I have tried it using libuconv with little success:
require ‘uconv’
class String
def un_utf8
Uconv.u8tou16(self).gsub(/\000/, ‘’)
end
def to_utf8
tmp = ""
self.each_byte { |b|
tmp += b.chr + "\000"
}
Uconv.u16tou8(tmp)
end
end
This program is ugly, and does not exactly what I want.
u8tou16 generates a string with 16 bit long characters,
for example “test”.un_utf8 == “t\000e\000s\000t\000”.
gsub clears the unnecessery “\000” characters from
the string. But there are characters in Hungarian,
that has non-zero second byte in the output of the
u8tou16, so they fail to convert. Anyway this is an
ugly hack.
How is it done nicely?
···
–
bSanyI
I think the iconv module handles this nicely:
require ‘iconv’
Iconv.conv(“utf-8”,“latin2”,“this is a test”)
Wesley J. Landaker - wjl@icecavern.net
OpenPGP FP: 4135 2A3B 4726 ACC5 9094 0097 F0A9 8A4C 4CD6 E3D2
···
On Friday 14 November 2003 7:46 am, Bedo Sandor wrote:
Hi,
How can I convert utf-8 encoded strings to latin-2?

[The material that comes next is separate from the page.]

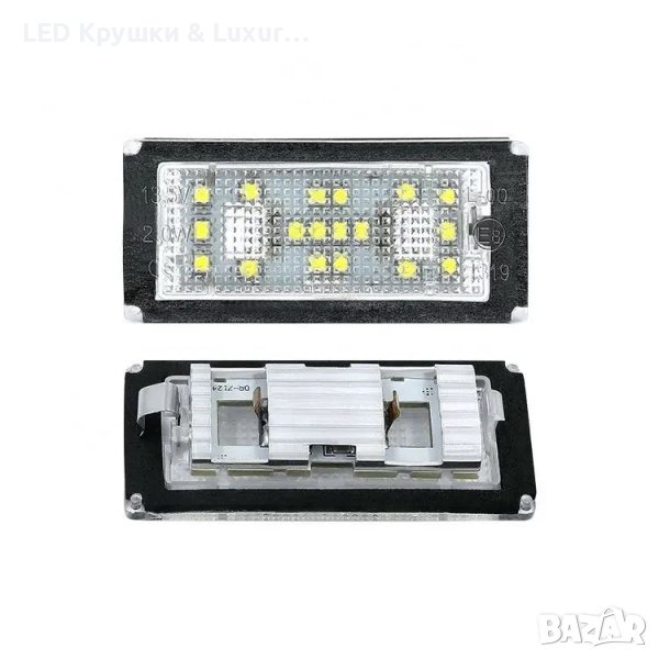Светодиодни плафони за регистрационен номер с изключително високо качество на изработка и перфектно пасване на мястото на стандартните. Плафоните са оборудвани с ярко светещи диоди, които ще осветят перфектно вашия регистрационен номер. Основните предимства на LED плафоните са: ниската консумация и ярката светлина. Ако търсите промяна, изискан вид, силна светлина и надеждност, LED плафоните със сигурност ще покрият всяко едно от тези изисквания. След заменянето на стандартните ви плафони с LED, вие ще получите добре разпрашена, ярка светлина. Ако забравите включени LED плафоните, ниската им консумация няма да изтощи акумулатора.

I have tried it using libuconv with little success:
require ‘uconv’
class String
def un_utf8
Uconv.u8tou16(self).gsub(/\000/, ‘’)
end
def to_utf8
tmp = ""
self.each_byte { |b|
tmp += b.chr + "\000"
}
Uconv.u16tou8(tmp)
end
end
This program is ugly, and does not exactly what I want.
u8tou16 generates a string with 16 bit long characters,
for example “test”.un_utf8 == “t\000e\000s\000t\000”.
gsub clears the unnecessery “\000” characters from
the string. But there are characters in Hungarian,
that has non-zero second byte in the output of the
u8tou16, so they fail to convert. Anyway this is an
ugly hack.
How is it done nicely?